TRY IT → Copy, word for word, the lines below from the one containing "耦合与隔直电容串联在电路中,耦合电容选择" up to and including the one containing "A colorful illustration", with pictures left out.

SOURCE MATERIAL →
------

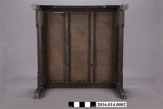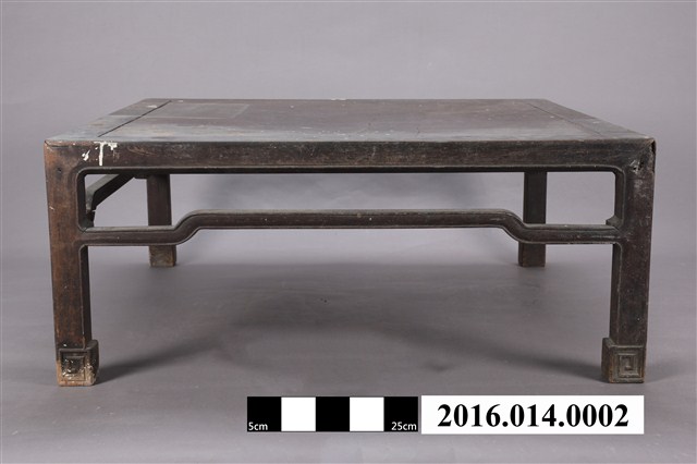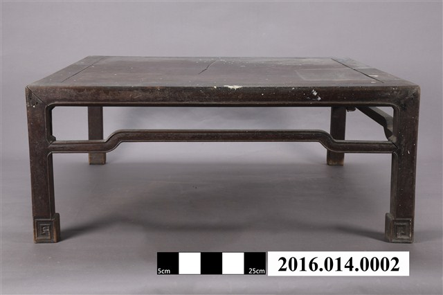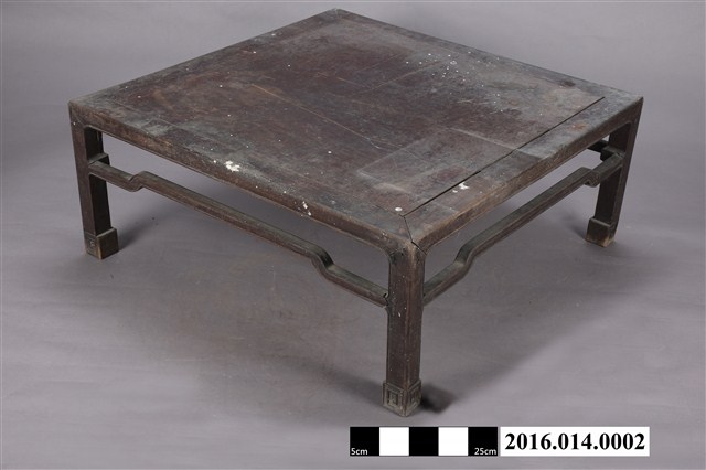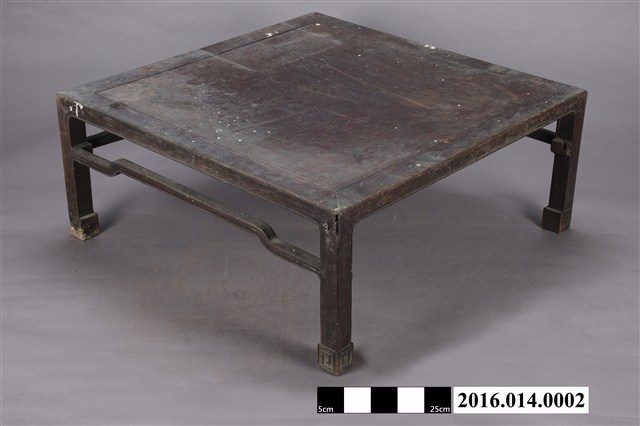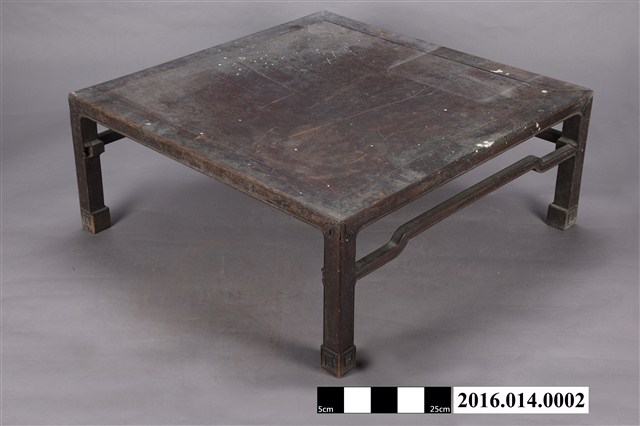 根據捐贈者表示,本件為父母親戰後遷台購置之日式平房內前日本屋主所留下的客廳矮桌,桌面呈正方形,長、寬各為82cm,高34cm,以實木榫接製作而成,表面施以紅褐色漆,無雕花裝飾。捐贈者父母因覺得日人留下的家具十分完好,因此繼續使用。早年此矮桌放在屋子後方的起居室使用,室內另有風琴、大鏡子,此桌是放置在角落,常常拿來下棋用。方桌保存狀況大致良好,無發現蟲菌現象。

------

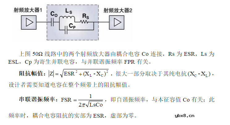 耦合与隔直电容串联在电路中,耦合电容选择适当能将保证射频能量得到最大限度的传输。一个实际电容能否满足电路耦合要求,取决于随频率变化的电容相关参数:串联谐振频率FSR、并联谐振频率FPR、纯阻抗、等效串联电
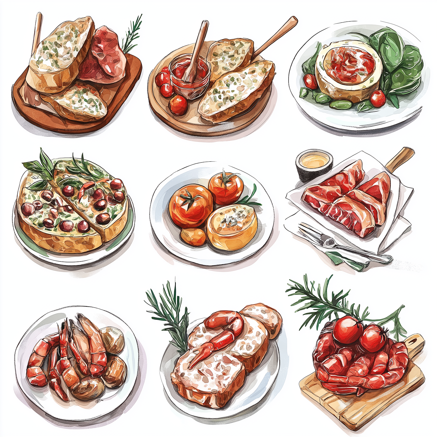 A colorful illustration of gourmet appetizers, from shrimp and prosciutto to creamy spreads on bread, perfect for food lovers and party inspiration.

------

COMPLETED TASK →
 耦合与隔直电容串联在电路中,耦合电容选择适当能将保证射频能量得到最大限度的传输。一个实际电容能否满足电路耦合要求,取决于随频率变化的电容相关参数:串联谐振频率FSR、并联谐振频率FPR、纯阻抗、等效串联电
 A colorful illustration of gourmet appetizers, from shrimp and prosciutto to creamy spreads on bread, perfect for food lovers and party inspiration.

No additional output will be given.